If you haven't figured it out by now, I write from the hip; while spontaneous, prone to misspellings, I also find it appropriately emotional and brutally honest. There's a time for diplomacy, and a time for just spewing out what you feel. As a referee, I try to be diplomatic (only dropping it when nothing else has worked), but writing is my emotional relief. So forgive me if it looks like I'm being overly harsh when I savage this book .

The first thing I noticed about the book was not the title - actually I didn't really pay attention to that until just a few minutes ago, when I started wondering, "Just what the heck IS the title?" It starts out as "Stanley Lover's Masterclass for Soccer Officials" - it almost sounds like a series. Perhaps it is, perhaps this is the first book of the series, because the subtitle is "Learn how historic events have shaped today's game and hwo the role of officials has changed". That is what sold me on the book, because I love history books - big thick treatises on religion and politics line my bookshelves, and what sport better encompases both religion and politics that soccer? After I found out about it in early January, I had to fight to stop reading my previous books and order this one on the spot. About one week ago, it finally came in, and unfortuantely I have to say I'm disappointed.

For one thing, it's only 129 pages, and that's with chapter graphics that take up an entire page, really big margins, and a larger-than-normal typeface (at least compared to what I normally read). There's a lot of wasted paper in this book: counting the full-page notices of the chapters, of which there are 15, there's a total of 35 pages with no content whatsoever. I have no idea what Stanley Lover's credentials are - doubtless he knows far more about the history of soccer than I (and he's certainly a better referee), but I'm sorely disapointed that he didn't choose to share more of that knowledge with us. Soccer, as we know it, has been around for more than one hundred years, yet we don't get into any of that history until page 64!

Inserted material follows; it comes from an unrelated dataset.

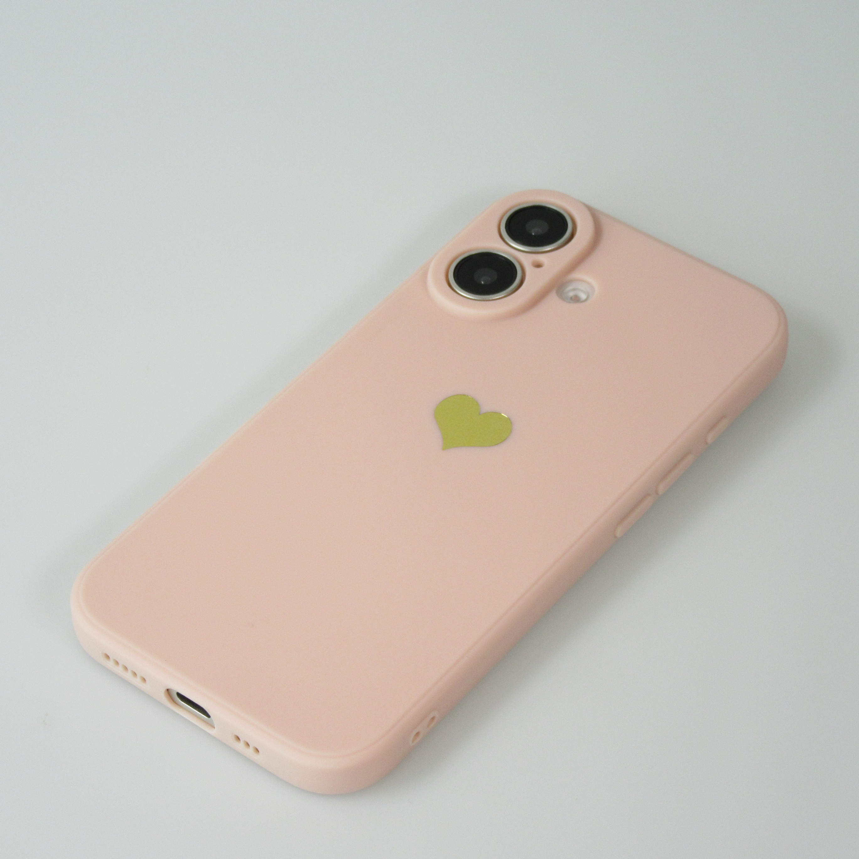 Une coque de protection en silicone simple mais efficace pour le iPhone 16 avec un cœur doré au dos. Elle protège le smartphone des rayures et autres dommages. L'étui offre en outre une protection supplémentaire pour le boîtier de l'appareil photo.

Even after we finally get into some soccer history, the amount actually presented is sporadic. I can't tell you how thrilled I was when we started with the history of gamesmanship - and it was well followed up with how gamesmanship has increased with "professional" fouls trickling down to the youth levels, and then finally with how we as referees need to deal with it; but it ends at page 69, and we're back to basic referee theory again. Don't get me wrong, basic referee theory is good, and Lover presents it well, but in a book that, according the cover, is about how the game changes, there's very little of this book that's on-topic.

Perhaps the referee book market is over-stuffed, and he wanted to differentiate his book from the others that do much of the same thing. I mean, there is some history thrown in, chapter eight talks about the creation of the card system; chapter nine is about Esse Baharmast's thrashing at France '98 (followed by his exoneration when a lone Sweedish camera caught what the 16 official cameras did not) - but unlike the history of gamesmanship, the stories were isolated, and were not put into contexts that we can use. Yes, we can be glad that the cards need no languages (never think that would be an issue? Come work at the USA Cup where the teams, or members of your crew, don't speak English), and we can take heart that while fans and coaches wonder what the heck you just saw, that yes, you might just be the only person to see (or not see) that foul and still be correct - but what else?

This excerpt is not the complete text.